Exercise material:
+===+

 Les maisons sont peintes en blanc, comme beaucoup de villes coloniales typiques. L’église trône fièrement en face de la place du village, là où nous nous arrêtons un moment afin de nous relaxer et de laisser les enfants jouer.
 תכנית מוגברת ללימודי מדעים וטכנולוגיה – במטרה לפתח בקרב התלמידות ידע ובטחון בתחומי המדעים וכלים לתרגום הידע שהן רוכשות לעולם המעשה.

+===+

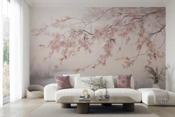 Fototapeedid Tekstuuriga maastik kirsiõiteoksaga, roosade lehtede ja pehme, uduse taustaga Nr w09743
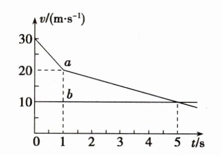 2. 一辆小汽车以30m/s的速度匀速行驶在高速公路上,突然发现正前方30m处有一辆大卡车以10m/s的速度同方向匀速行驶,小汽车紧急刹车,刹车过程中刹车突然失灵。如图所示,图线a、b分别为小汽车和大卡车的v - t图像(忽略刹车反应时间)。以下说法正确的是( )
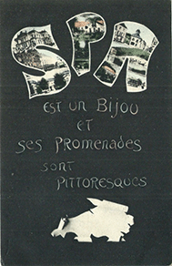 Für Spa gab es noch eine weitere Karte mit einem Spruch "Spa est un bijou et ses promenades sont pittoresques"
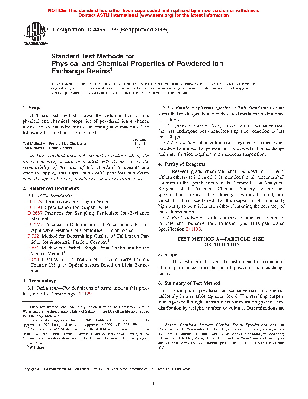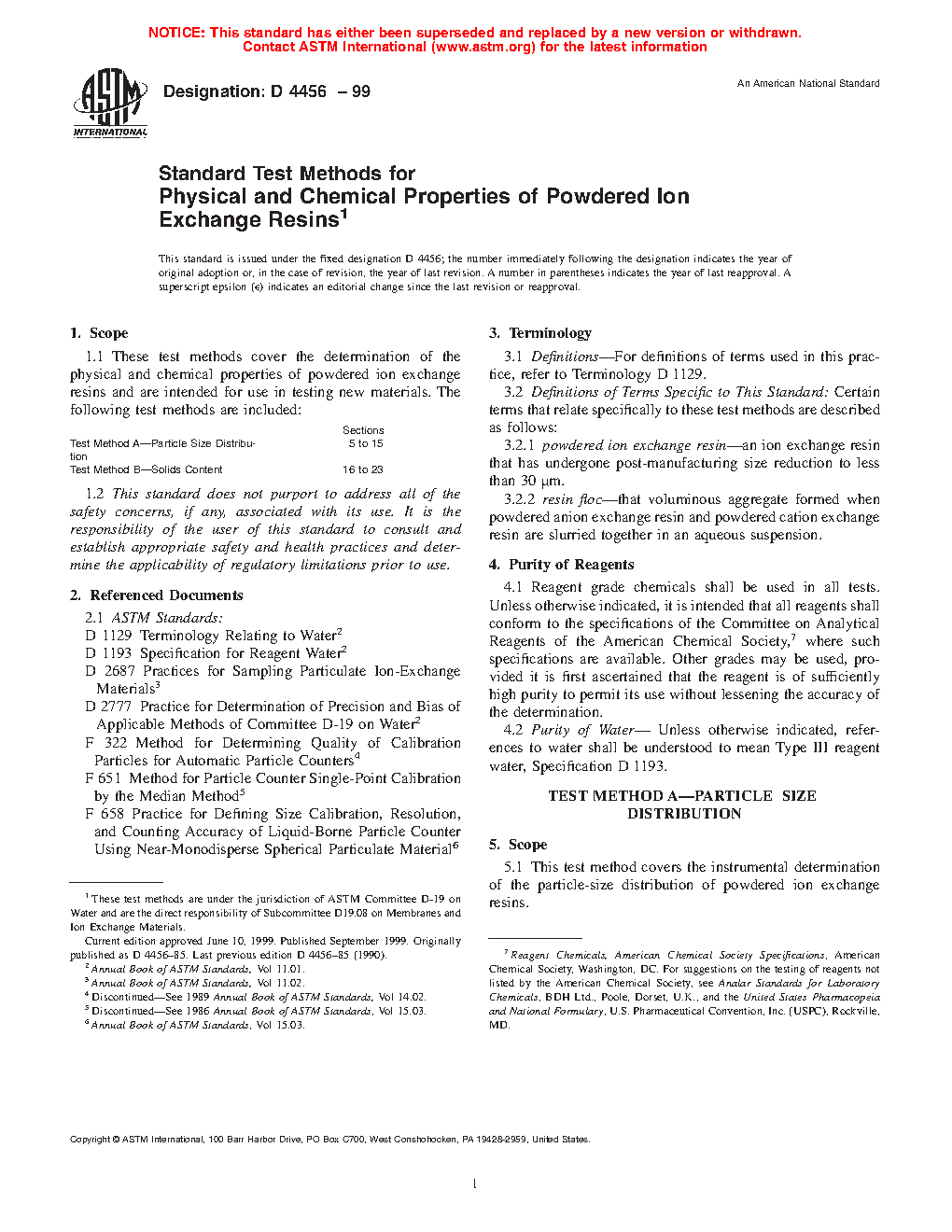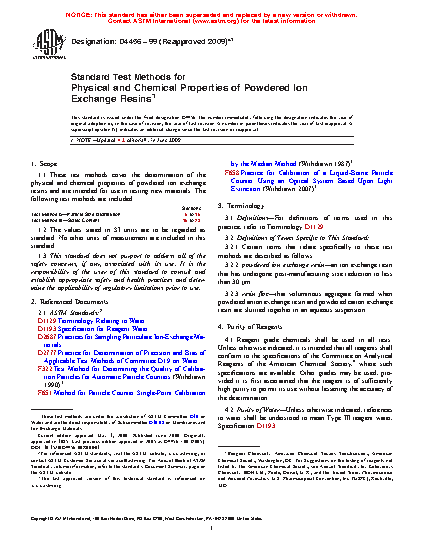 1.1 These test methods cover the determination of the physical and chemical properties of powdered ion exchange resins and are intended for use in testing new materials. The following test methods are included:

+===+

Problem to solve: Find the line with "Fototapeedid Tekstuuriga maastik" in the data above, and from there retype each line exactly through the line with "1.1 These test", skipping the pictures along the way.

Answer space:
 Fototapeedid Tekstuuriga maastik kirsiõiteoksaga, roosade lehtede ja pehme, uduse taustaga Nr w09743
 2. 一辆小汽车以30m/s的速度匀速行驶在高速公路上,突然发现正前方30m处有一辆大卡车以10m/s的速度同方向匀速行驶,小汽车紧急刹车,刹车过程中刹车突然失灵。如图所示,图线a、b分别为小汽车和大卡车的v - t图像(忽略刹车反应时间)。以下说法正确的是( )
 Für Spa gab es noch eine weitere Karte mit einem Spruch "Spa est un bijou et ses promenades sont pittoresques"
 1.1 These test methods cover the determination of the physical and chemical properties of powdered ion exchange resins and are intended for use in testing new materials. The following test methods are included:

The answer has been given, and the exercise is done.